As Ong reflects on two decades of building 1-Group, the pride is not just in the spaces, but in the people. “What stands out are the quiet moments of breakthrough – the first couple who chose to get married at one of our venues, the guests who return year after year because it feels like home. These remind me we’re not just in the business of F&B. We are in the business of memories.”

Part of 1-Group’s staying power comes from how it is led. Ong pioneered what he calls “Collective Leadership” – a decentralised model that pushes ownership down to each venue. (Photo: CNA/Kelvin Chia)
That sense of continuity has been matched by a quiet resilience. “I am also proud of how we have weathered change,” Ong added. “Through economic shifts, industry challenges, and a global pandemic, we have remained independent, adaptable, and deeply rooted in our values. That kind of resilience only happens when people believe in what they are building.”

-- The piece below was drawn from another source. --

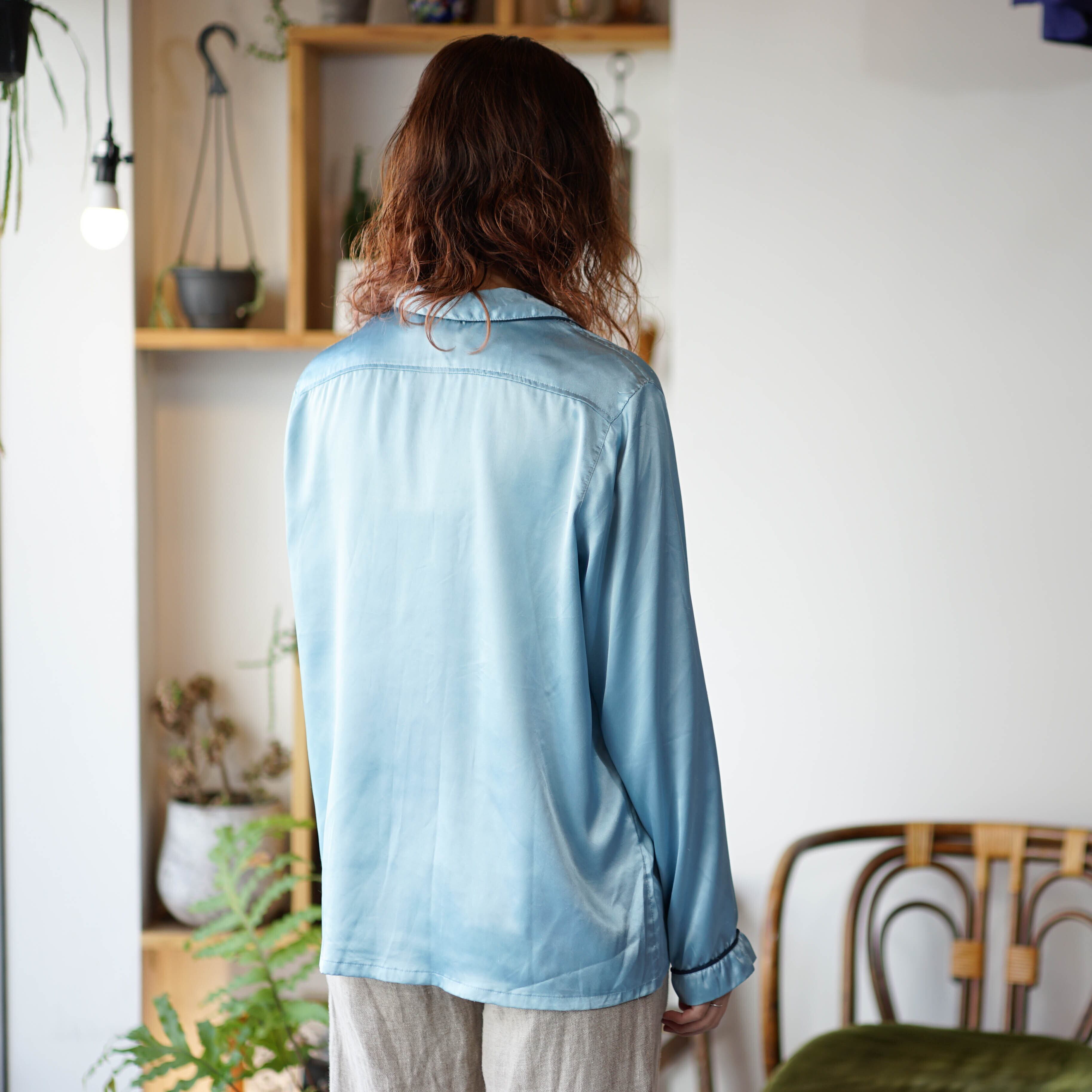 春夏 サテン 長袖 パジャマ シャツ(ブルー)

And perhaps his proudest achievement isn’t a venue at all, but the culture that holds it all together. “I am proud of the culture we have shaped,” he said. “One that attracts people who care deeply, who stay, and who grow with us. That is what gives our work longevity. It is not just the places we build, but the people who bring them to life.”
And that, perhaps, is the real secret. In an industry often reduced to profit margins and survival rates, 1-Group has built its reputation on something far more enduring: The art of sparking joy.